盆がえり 公演情報 演劇集団よろずや「盆がえり」の観てきた!クチコミとコメント

  • 満足度★★★★★

     丁寧に綴られた脚本に、入念な演出、演技力の高さ何れも素晴らしい。(華5つ☆)

    ネタバレBOX

     舞台は現在次女・美佐が家督を継いでいる広島の山間部にある民家の離れ。手前には沓脱石が据えられ、9畳の板の間の奥には6畳分の茣蓙が奥に敷かれている。名家などという訳ではないが、地元には地元の仕来りがあり、美佐はそれを背負って生きている。然しながらその彼女は亭主・亮治が優しいこともあって、現在東京で働き中間管理職となった成績優秀だった長女・枝実、矢張り成績優秀で現在県下の大学の研究者として活躍する三女・希梨と異なりお喋りはするが、本当に人情の機微を危うくするようなことは基本的に何も語らない、極めて繊細で優しい美佐の、一見、ナマケモノにも、まただらしなさや常識外れにも見える生活態度、人間関係作りを象徴するシーンで始まる。これが凄まじく上手い。というのは、亭主が一所懸命、東京に居る姉、市内に居る妹ら、家族や親戚が盆で集まるので、築百年を超え、人が住まなくなって荒れた為、近々取り壊し予定の隠居身分になった爺婆さまが住んだこの離れが物置として使われていたのを片付けようと一所懸命に働いているのに、捨てる物、残す物の選別役の美佐はアルバムを眺め入ってはごろごろ、挙句亭主の作業の邪魔をするような言動を吐き散らしては亭主を付き合わせている。更には大の字になって寝入ってしまう。これがオープニングシーンだ。細部まで丁寧に描かれた脚本はこのオープニングで三姉妹の性格や伏線、美佐と結婚する為に勤めていた会社を辞め、1年近く前に移住してきた夫と妻の関係と亮治の性格、親戚との関係などを見事に俎上に載せこの後のストーリー展開を見事に準備しており、役者陣の演技もそれぞれの微妙な人間関係の綾を見事に際立たせるレベルの高いものである。小道具として終盤大切な意味を持つ浴衣の使い方も見事だ。(無論、これはオープニングシーンでの伏線が効いている。長女は誰に似ており、次女は誰に似ているという亮治と美佐の会話部分)。

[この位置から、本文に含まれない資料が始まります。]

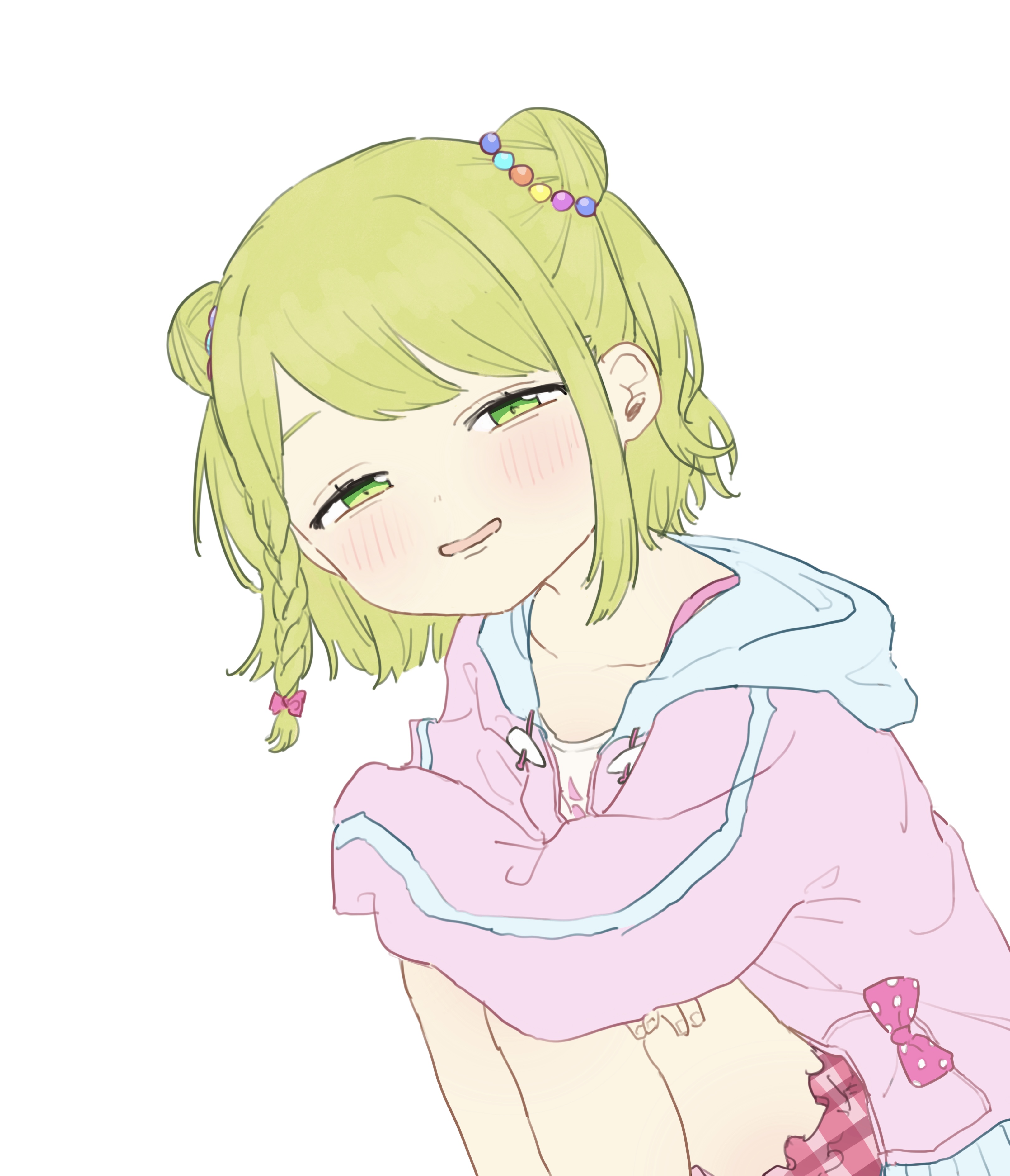 1girl absurdres blue_hood braid double_bun flat_color green_eyes green_hair hair_bun half-closed_eyes highres hood hooded_jacket jacket jojifuku looking_at_viewer morinaka_kazaki morinaka_kazaki_(8th_costume) nijisanji pink_jacket po_(po_495) shirt side_braid simple_background single_braid skirt smile solo virtual_youtuber white_background
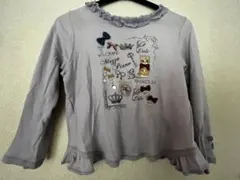 ストライプ柄とレースが特徴の140サイズの長袖カットソー。
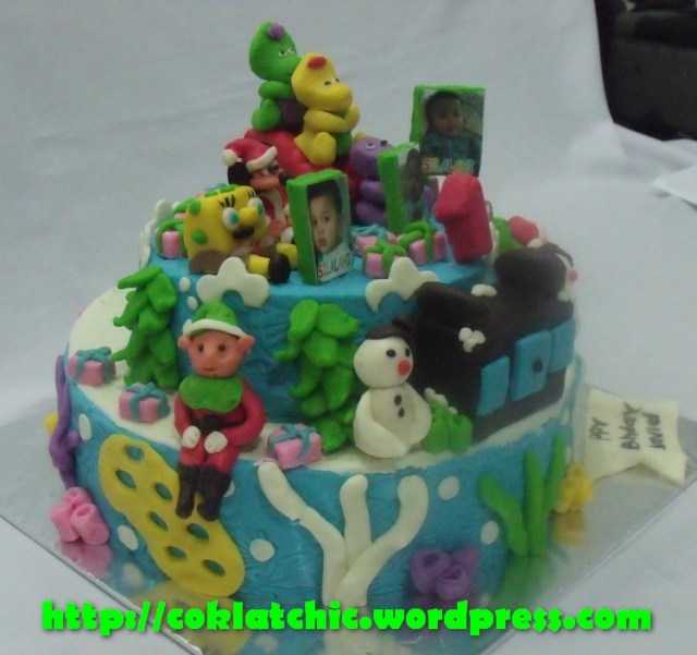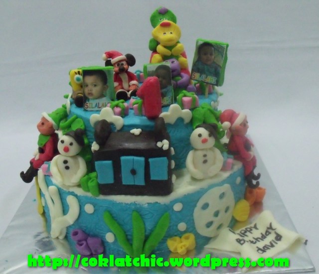 Barney,mickey mouse,spongebob dan snowman cake – DAVID Harga mulai dari Rp 500 ribu,topper dan pelapis terbuat dari coklat bukan fondant atau sugar icing Posted with WordPress for BlackBerry. Share this: Click to share on Facebook (Opens in new window) Facebook Like Loading... Related
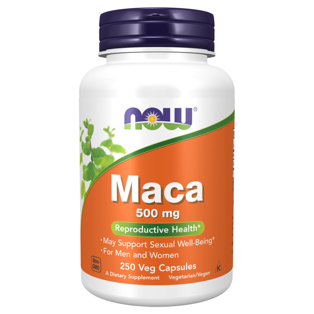 Now Maca, 250 Vegetable Capsules, 500 mg, is a dietary supplement made from 100% pure Maca root powder (Lepidium meyenii), a root vegetable native to the high Andes of Peru. This product is free from preservatives and additives, ensuring a natural supplement. Each capsule contains 500 mg of Maca root powder, which is rich in vitamins, minerals, and antioxidants.
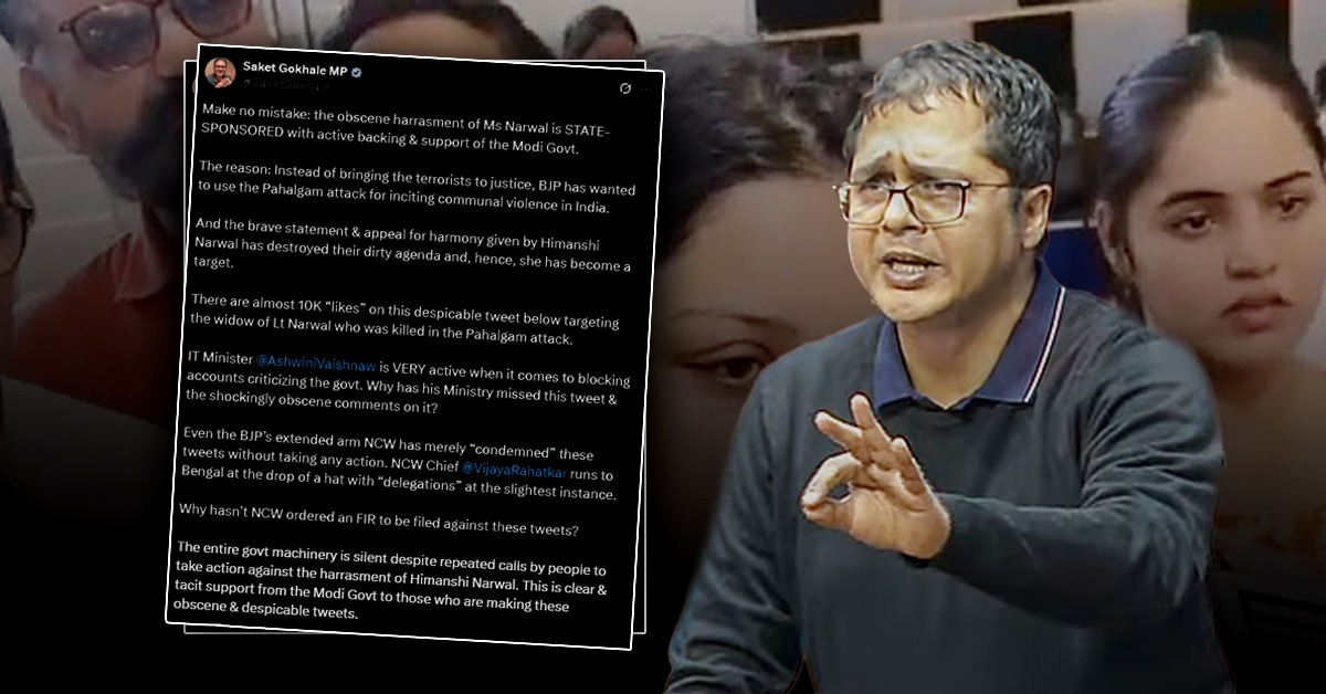 হিমাংশীকে সমর্থন করে সাকেত লেখেন, ”শ্রীমতী নারওয়ালের বিরুদ্ধে যে অশ্লীল, কদর্য ভাষা প্রয়োগ করা হচ্ছে তা পুরোপুরি সরকারি মদতে। মোদী সরকারের সক্রিয় সমর্থন ও মদতে এটা চলছে। জঙ্গিদের শাস্তি না দিয়ে বিজেপি সাম্প্রদায়িক হিংসা ছড়াতে চায় ভারতে। হিমাংশী নরওয়াল সেদিনের অনুষ্ঠানে যেভাবে সাহসের সঙ্গে সম্প্রীতি রক্ষার বার্তা দিয়েছেন তার ফলে ওদের নোংরা মতলব বানচাল হয়ে গিয়েছে। তাই তিনি বিজেপির নিশানায় পরিণত হয়েছেন। লেফটেন্যান্ট নরওয়ালের স্ত্রীর চরিত্র তুলে কথা হচ্ছে এরকম পোস্টে ১০হাজার লাইক পড়ছে। সরকারের সমালোচনা করলে সেই অ্যাকাউন্ট ব্লক করতে কেন্দ্রীয় তথ্য-সম্প্রচারমন্ত্রী অশ্বিনী বৈষ্ণো তৎপর। এখন কী করে তাঁর মন্ত্রক এরকম নোংরা ভাষায় মন্তব্য চোখে দেখতে পাচ্ছে না।”
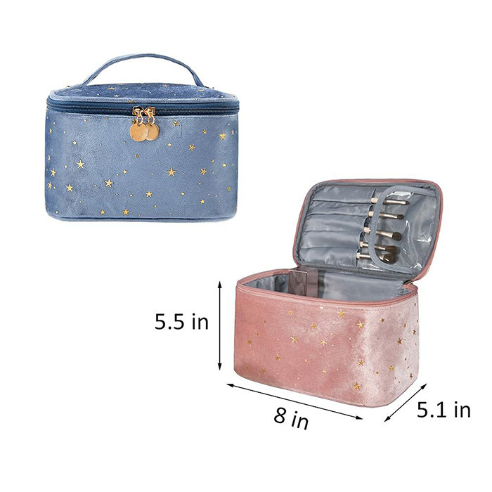 Progettazione perfetta: Doppia chiusura lampo intorno alla fine; Stelle delicate di timbratura di oro su velluto; Il makup separato spazzola il supporto con la copertura di PVC; Il portatile porta la maniglia; Progettazione compatta pieghevole
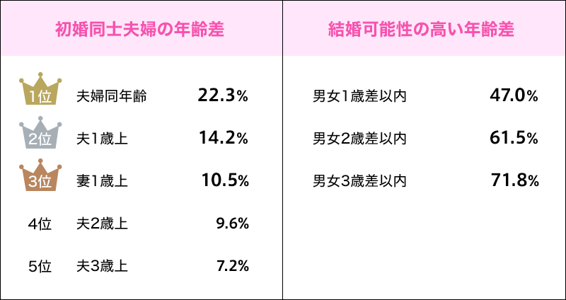 2023年にIBJが公表したデータによると、夫婦の年齢が同じ場合の成婚率が最も多いです。
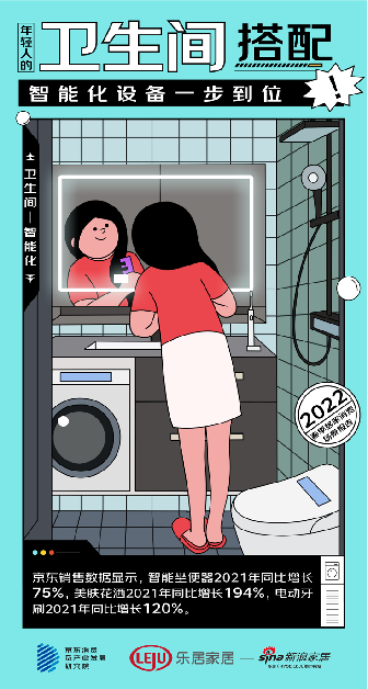 2020年,京東聯(lián)合知名家裝設(shè)計師及行業(yè)內(nèi)品牌商家共同發(fā)起提出“衛(wèi)生間將發(fā)生品質(zhì)化、人性化、個性化、智能化的新升級”。
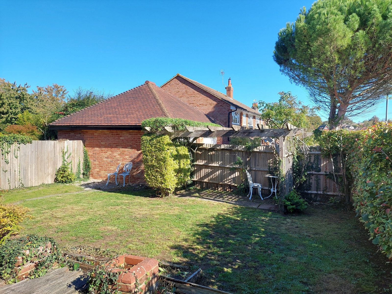 The garden is laid to lawn with timber deck and is partly enclosed by 1.8m high panel fencing, at the end of the garden is a paved patio and timber pergola.
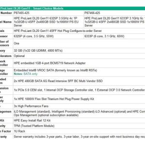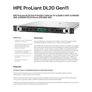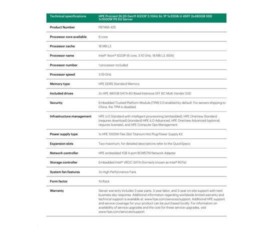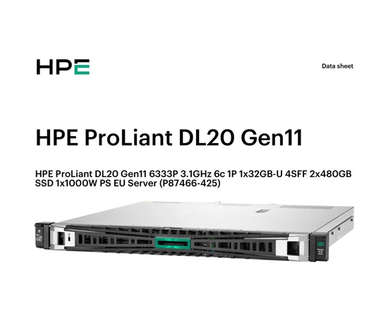 HPE PL DL20g11 6333P (3.1G/6C12T) 1x32G 2x480GB VROC 4SFF 1x1000W 4x1G NBD333 Smart Choice
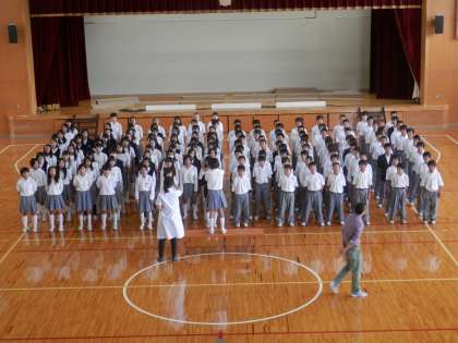 合唱コンクールが始まると、最初のプログラムが1年生の学年合唱です。
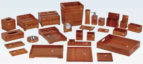 Hotel Premium Bamboo Bathroom Accessories Tissue Box Note Pad Trash Bin
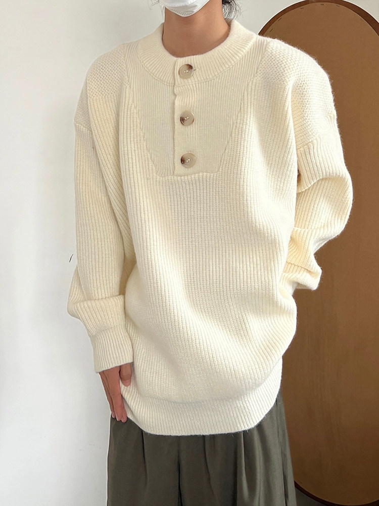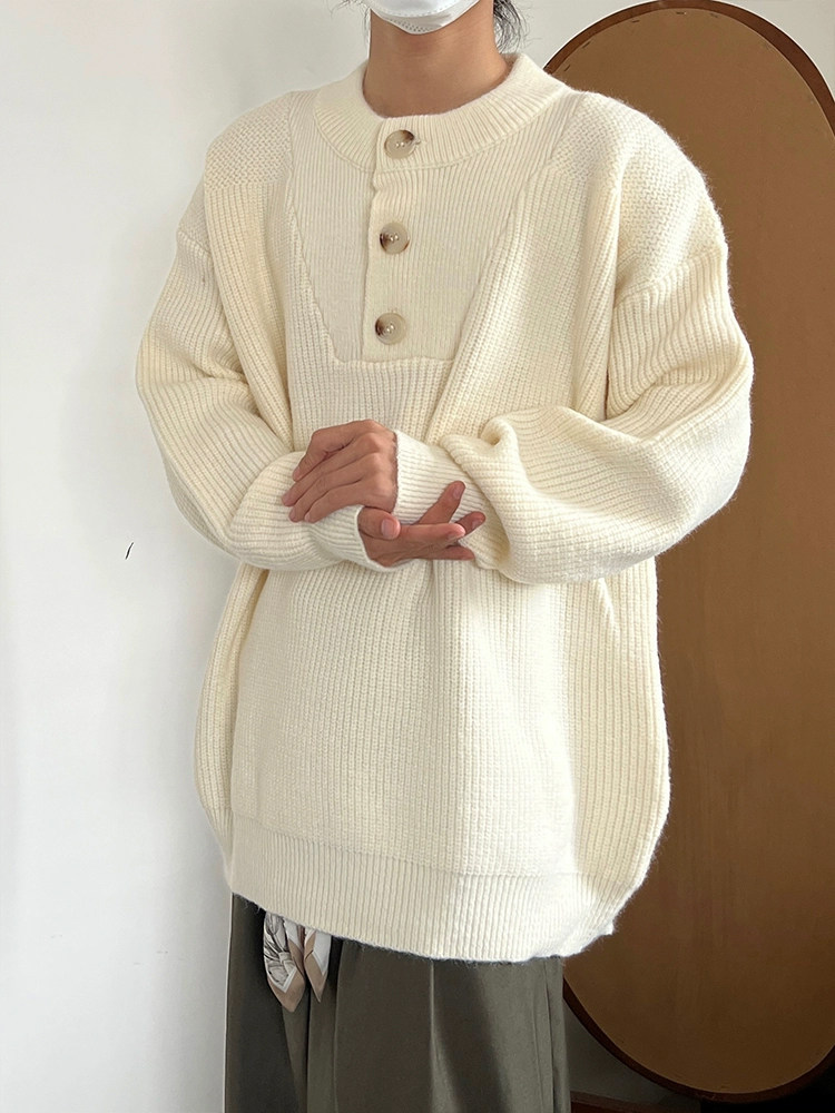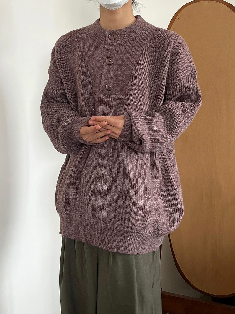 Ретро трикотажный демисезонный свитер с круглым воротником подходит для мужчин и женщин, свободный крой

ホームドラマを眺めるように唯ボンヤリ眺めていることもできるかも知れない。が、普通の感性を持っていれば、美佐の持つ幾つかのトラウマが(このトラウマが中々明かされないことも作品に引き付け続けるテクニックとして極めて巧みだ)、表面上それこそサザエさん的幸せに満ちた地方の家庭生活と見えるのかも知れない日常を、極めてドラマチックな針の蓆に転換してくれる。最初、非常識でナマケモノ、在ってはならないだらしない存在と見えた美佐が徐々に可愛い女性に見えてくる。無論、枝実が勝気で何をやらせても人一倍の働きと能力の高さを見せ、而も率が無い女性であるからこそ、東京に出て、女性でありながら、中間管理職を任され仕事に充実感を感じてはいるものの、所詮、男性優位のジェンダー社会の中で本来は自分の責任に拠る訳でも無い責任を取らされる厳しい場所に居て疲れ切り、ストレスを抱え込みながら孤立無援という辛い立場の中、必死に何とか人間らしく在りたいと悩みに悩んでいるのみならず、早くに親を亡くした妹たちの為にしっかりせねばとの責任感と優しさからキツイ言葉もでてしまう事情も自然な形で描き込まれている。(オープニングで美佐が眺めている古いアルバムの写真で母に似ている枝実の話が伏線となっている点、浴衣は祖母が母に縫ってくれたもので、母の棺に入れたこと。盆祭りに三姉妹浴衣で出掛けようと話をしており、枝実の浴衣は母の棺に納めたものと柄が瓜二つであることを利用して、母生き写しの姉が、盆帰りした母に変わり、美佐のトラウマの一つ、風邪を引いた自分を医者に見せる為に運転をしていた父母が交通事故で亡くなり自分だけが後部座席に座っていて助かったことを、美佐が生き残ってくれて大変喜んでいること、また枝実がしっかりして貰おうとしてキツイ物言いをしてしまう事情なども説明し、いつも子供達を見守っているとの科白を吐く)一方、希梨は矢張り優秀な研究者である同僚と市内で同居しているのだが、相手は男性では無い。即ち彼女はLGBTの内のレスビアンである。このことが意味することは地方ではスキャンダルというレベルでの問題であり、下手をすればこの悩みの果てに自殺者が出かねないレベルの問題である。勤める大学内でも噂が立ち始めていることが原因で、希梨は大学を辞めるつもりで今回実家に戻ってきている。何度も掛かってくる電話を無視し続けていた理由は、同居人が遂に希梨を訪ねてくることで明らかになり、これはこれで二人の今後を決して否定的なものとして描かず希望の灯をともす内容に仕立ててある。このように三姉妹それぞれが、事情の異なる極めて現代的で本質的な問題を抱え、それが日常の中に丁度、海水の中に浮かぶブイのように浮きつ沈みつ不気味な貌を晒している所に、今作の凄さを見ることができよう。脇を固める農家を経営する親戚の鉄人さんの味のある演技や幼馴染で法要を営んでくれる坊さん役の一樹も良い。三都市を回る価値は充分にあるしっかりした心に残る作品である。
     唯一、矛盾しかねないのが、母の浴衣を棺に入れたこととをハッキリ科白化して際立たせて仕舞った点(何か一工夫欲しい)、柄が瓜二つの浴衣を三人で行こうと祭りに誘った時点で枝実は着なかったものの、ちょっと気に掛かりはした。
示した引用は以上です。